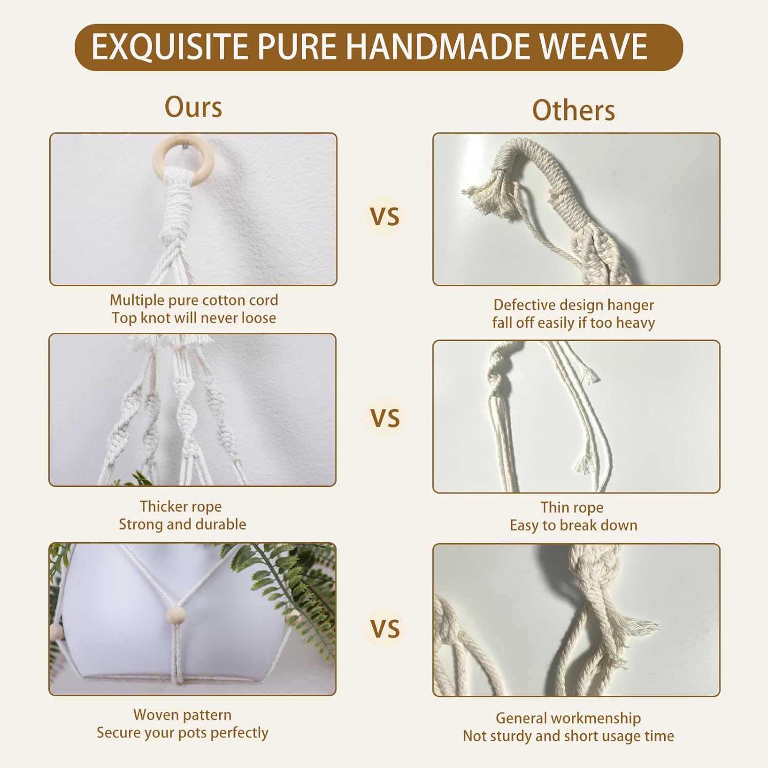 - HANDMADE WEAVING CRAFT - Hanging plant holders made from eco-friendly recycled cotton rope and wooded ring, It has a strong flexible woven design, sturdy and durable, accommodates planters of all shapes and sizes, you can take them home for your plants with confidence
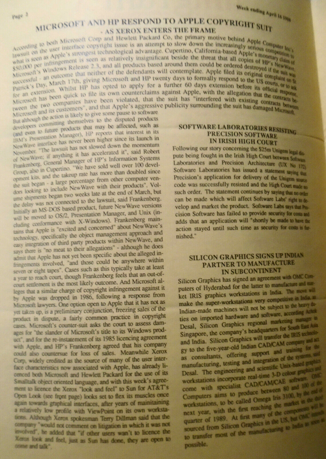 Unigram-X, #175 - April 16, 1988 - London weekly for UNIX manufacturers, et al
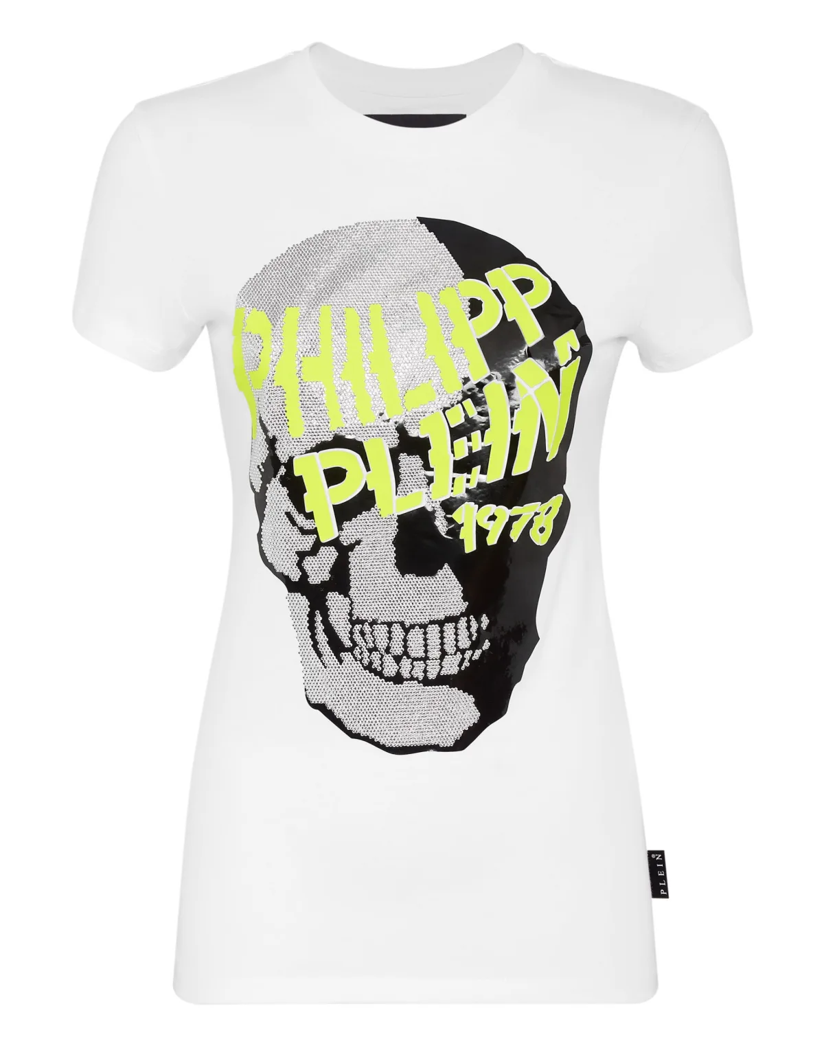 Verfraaid De iconografie van Maison Plein wordt geïdentificeerd door de iconische schedel die elk nieuw seizoen in nieuwe en originele versies wordt ontworpen. Op dit T-shirt van stretchkatoen jersey is het bedrukt met de letters van het merk en aan de voorkant voorzien van een rubberen effect en versierd met strassteentjes. Het zeshoekige logo is op het juk genaaid. Geribbelde halslijn. Zomen gestikt met twee naalden.
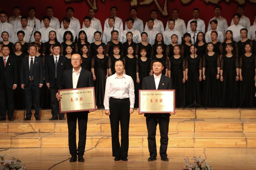 放歌新時代,筑夢新征程。在新中國70華誕即將來臨之際,為營造團結(jié)奮進、熱烈喜慶的氛圍,將學(xué)?!安煌跣?、牢記使命”主題教育與慶祝新中國成立70周年系列活動結(jié)合起來。9月25日,我校在音樂廳隆重舉行了慶祝新中國成立70周年“我和我的祖國”師生大合唱比賽。校領(lǐng)導(dǎo)陳桂芝、齊宏偉、張文治、王剛、李英杰、姜國慶、張樹軍、呂厚均、陶佰睿,黨委常委、宣傳統(tǒng)戰(zhàn)部長王曉梅,黨委常委、組織部長馬文輝出席活動并為獲獎單位頒獎。
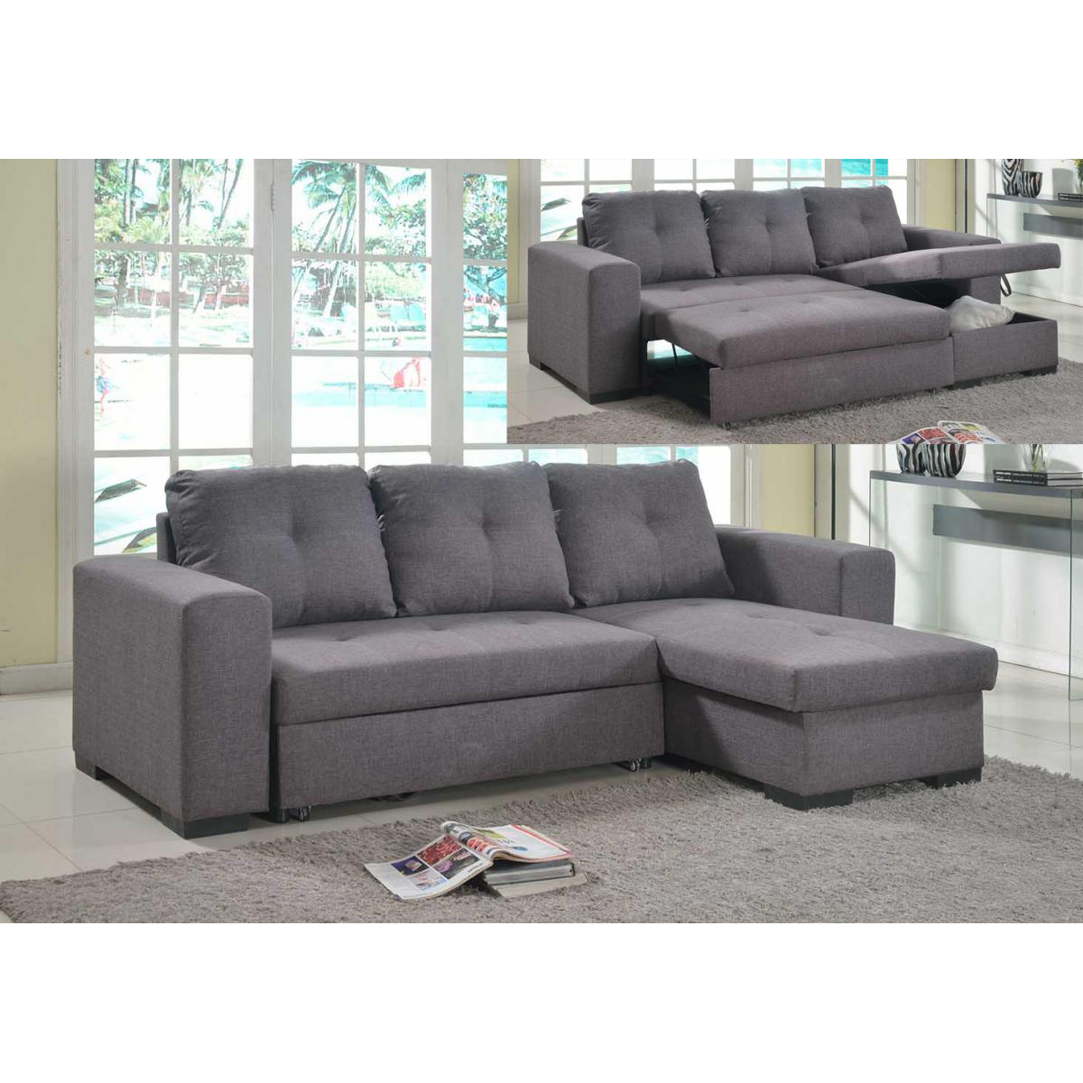 Gianni Chaise Sofa Bed with Storage Linen – Grey, interchangeable left or right hand side
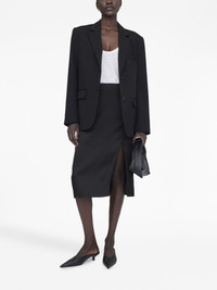 Jolin silk midi skirt Anine Bing's Jolin Skirt is constructed from double-faced silk charmeuse in a black colourway. Its timeless, midi-length silhouette is cut for a close, high-waisted fit and is finished with a high diagonal side slit. Highlights - Black - Silk - High waist - Side zip fastening - Side split - Straight hem Made in Italy Composition Silk 100% Washing instructions Dry Clean Only
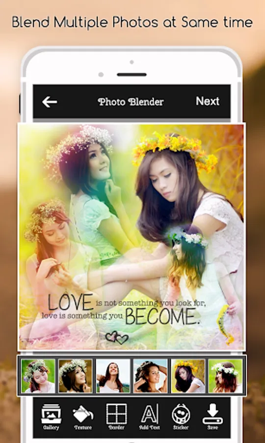 Photo Blender is one stop app for all your photo blending, photo enhancing and photo editing needs. It is easy to use and powerful app to get a perfect result every time.
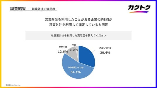 日本最大級の営業マッチングプラットフォーム「カクトク」を運営するカクトク株式会社(本社:大分県別府市、代表取締役:満田 聖也、以下「カクトク」)は、営業に関わる経営者・会社員500名を対象に「営業外注に関する調査」を実施しました。
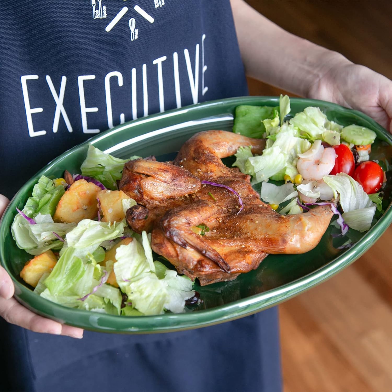 - LARGE LONG PLATTER: Our oval serving plates are 14.5 Inch long and easily stackable, the oversized fancy serving dishes are elegant and perfect for serving meat, turkey, roast chicken, steak, fish, sushi, dessert, fruit, salad and bread
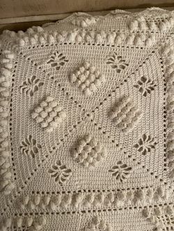 Afghan Knit Crochet Blanket Handmade P'corn Stitch Pattern Ecru 62 Wide 78 1/2$70Warwick, RI
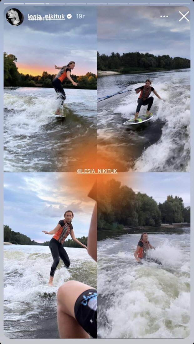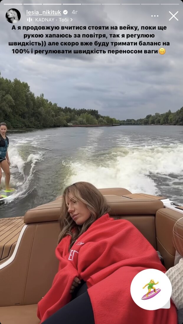 Также Никитюк продемонстрировала поклонникам, что уже умеет уверенно стоять на вейкборде, не держась руками за специальный поручень, который крепится к лодке.
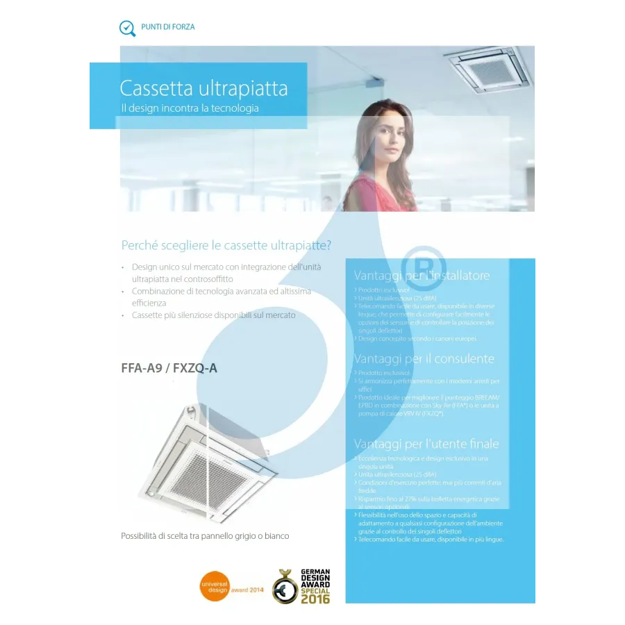 Condizionatore Daikin Penta Split serie 4 vie FFA-A WiFi Opzionale 9+9+9+9+9 Btu riscaldamento con pompa di calore a basso assorbimento di corrente in classe energetica elevata Design unico sul mercato con integrazione dell'unità ultrapiatta nel controsoffitto
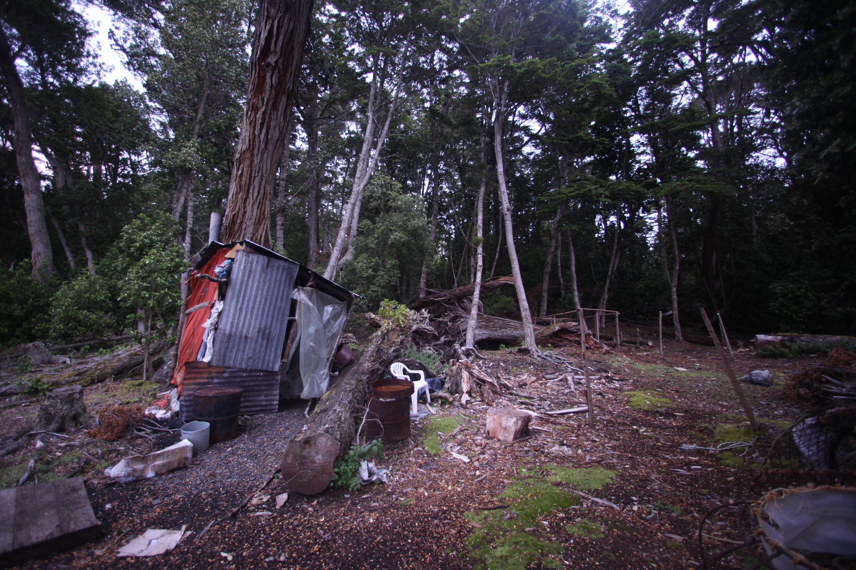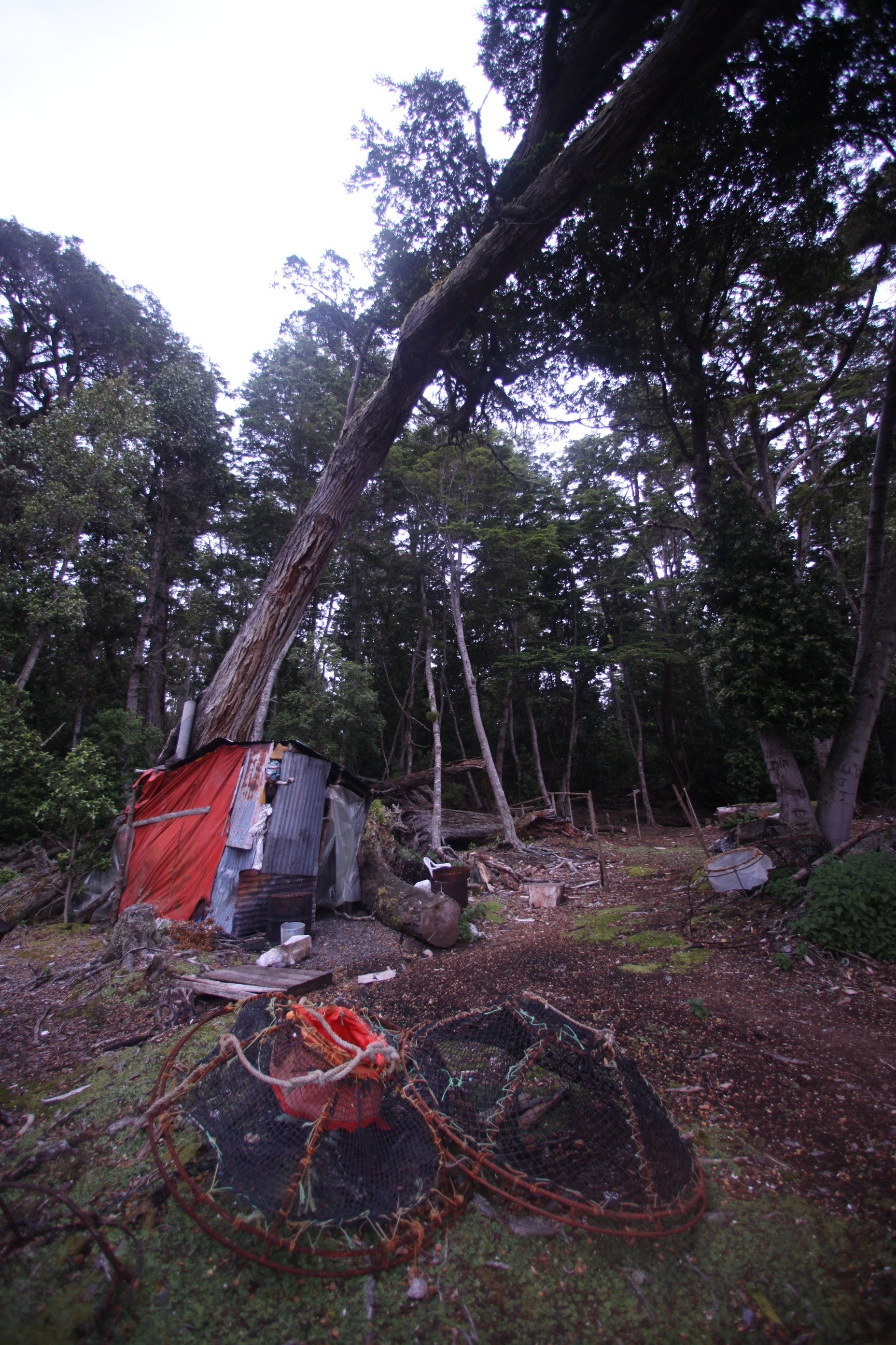 В кустах обнаружился временный лагерь краболовов. Сейчас не сезон.
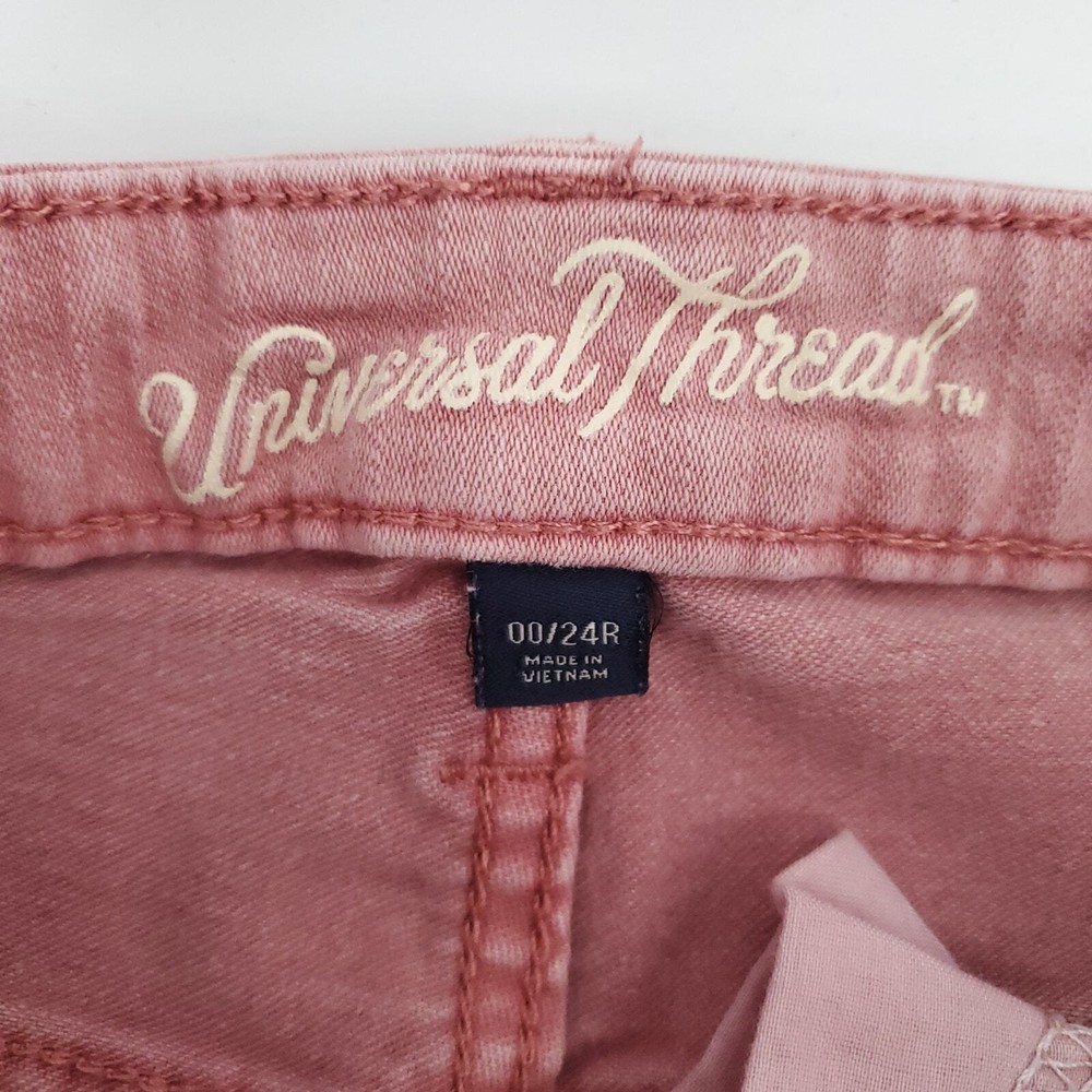 <![CDATA[<div>Universal Thread Womens Orange 5 Pocket design belt loops skinny leg raw hemline stretchy split ankle Size 00\24 Regular 90% Cotton 8% Recycled Polyester 2% Spandex Measurements are approximate taken Flat waist: 14 rise 8 inseam: 29.5 tags: orange, hipster, vacation, summer, streetwear
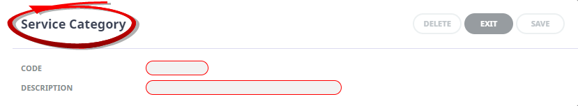Service Category (Analysis 1) screen, enter a Code for the analysis code and a Description.

+++

▶ **DIRECTIONS FOR THIS TASK**
Output nothing except an exact copy of the records above, with the images left out.

▶ **SOLVED EXERCISE**
 - HANDMADE WEAVING CRAFT - Hanging plant holders made from eco-friendly recycled cotton rope and wooded ring, It has a strong flexible woven design, sturdy and durable, accommodates planters of all shapes and sizes, you can take them home for your plants with confidence
 Unigram-X, #175 - April 16, 1988 - London weekly for UNIX manufacturers, et al
 Verfraaid De iconografie van Maison Plein wordt geïdentificeerd door de iconische schedel die elk nieuw seizoen in nieuwe en originele versies wordt ontworpen. Op dit T-shirt van stretchkatoen jersey is het bedrukt met de letters van het merk en aan de voorkant voorzien van een rubberen effect en versierd met strassteentjes. Het zeshoekige logo is op het juk genaaid. Geribbelde halslijn. Zomen gestikt met twee naalden.
 放歌新時代,筑夢新征程。在新中國70華誕即將來臨之際,為營造團結(jié)奮進、熱烈喜慶的氛圍,將學(xué)?!安煌跣?、牢記使命”主題教育與慶祝新中國成立70周年系列活動結(jié)合起來。9月25日,我校在音樂廳隆重舉行了慶祝新中國成立70周年“我和我的祖國”師生大合唱比賽。校領(lǐng)導(dǎo)陳桂芝、齊宏偉、張文治、王剛、李英杰、姜國慶、張樹軍、呂厚均、陶佰睿,黨委常委、宣傳統(tǒng)戰(zhàn)部長王曉梅,黨委常委、組織部長馬文輝出席活動并為獲獎單位頒獎。
 Gianni Chaise Sofa Bed with Storage Linen – Grey, interchangeable left or right hand side
 Jolin silk midi skirt Anine Bing's Jolin Skirt is constructed from double-faced silk charmeuse in a black colourway. Its timeless, midi-length silhouette is cut for a close, high-waisted fit and is finished with a high diagonal side slit. Highlights - Black - Silk - High waist - Side zip fastening - Side split - Straight hem Made in Italy Composition Silk 100% Washing instructions Dry Clean Only
 Photo Blender is one stop app for all your photo blending, photo enhancing and photo editing needs. It is easy to use and powerful app to get a perfect result every time.
 日本最大級の営業マッチングプラットフォーム「カクトク」を運営するカクトク株式会社(本社:大分県別府市、代表取締役:満田 聖也、以下「カクトク」)は、営業に関わる経営者・会社員500名を対象に「営業外注に関する調査」を実施しました。
 - LARGE LONG PLATTER: Our oval serving plates are 14.5 Inch long and easily stackable, the oversized fancy serving dishes are elegant and perfect for serving meat, turkey, roast chicken, steak, fish, sushi, dessert, fruit, salad and bread
 Afghan Knit Crochet Blanket Handmade P'corn Stitch Pattern Ecru 62 Wide 78 1/2$70Warwick, RI
 Также Никитюк продемонстрировала поклонникам, что уже умеет уверенно стоять на вейкборде, не держась руками за специальный поручень, который крепится к лодке.
 Condizionatore Daikin Penta Split serie 4 vie FFA-A WiFi Opzionale 9+9+9+9+9 Btu riscaldamento con pompa di calore a basso assorbimento di corrente in classe energetica elevata Design unico sul mercato con integrazione dell'unità ultrapiatta nel controsoffitto
 В кустах обнаружился временный лагерь краболовов. Сейчас не сезон.
 <![CDATA[<div>Universal Thread Womens Orange 5 Pocket design belt loops skinny leg raw hemline stretchy split ankle Size 00\24 Regular 90% Cotton 8% Recycled Polyester 2% Spandex Measurements are approximate taken Flat waist: 14 rise 8 inseam: 29.5 tags: orange, hipster, vacation, summer, streetwear
Service Category (Analysis 1) screen, enter a Code for the analysis code and a Description.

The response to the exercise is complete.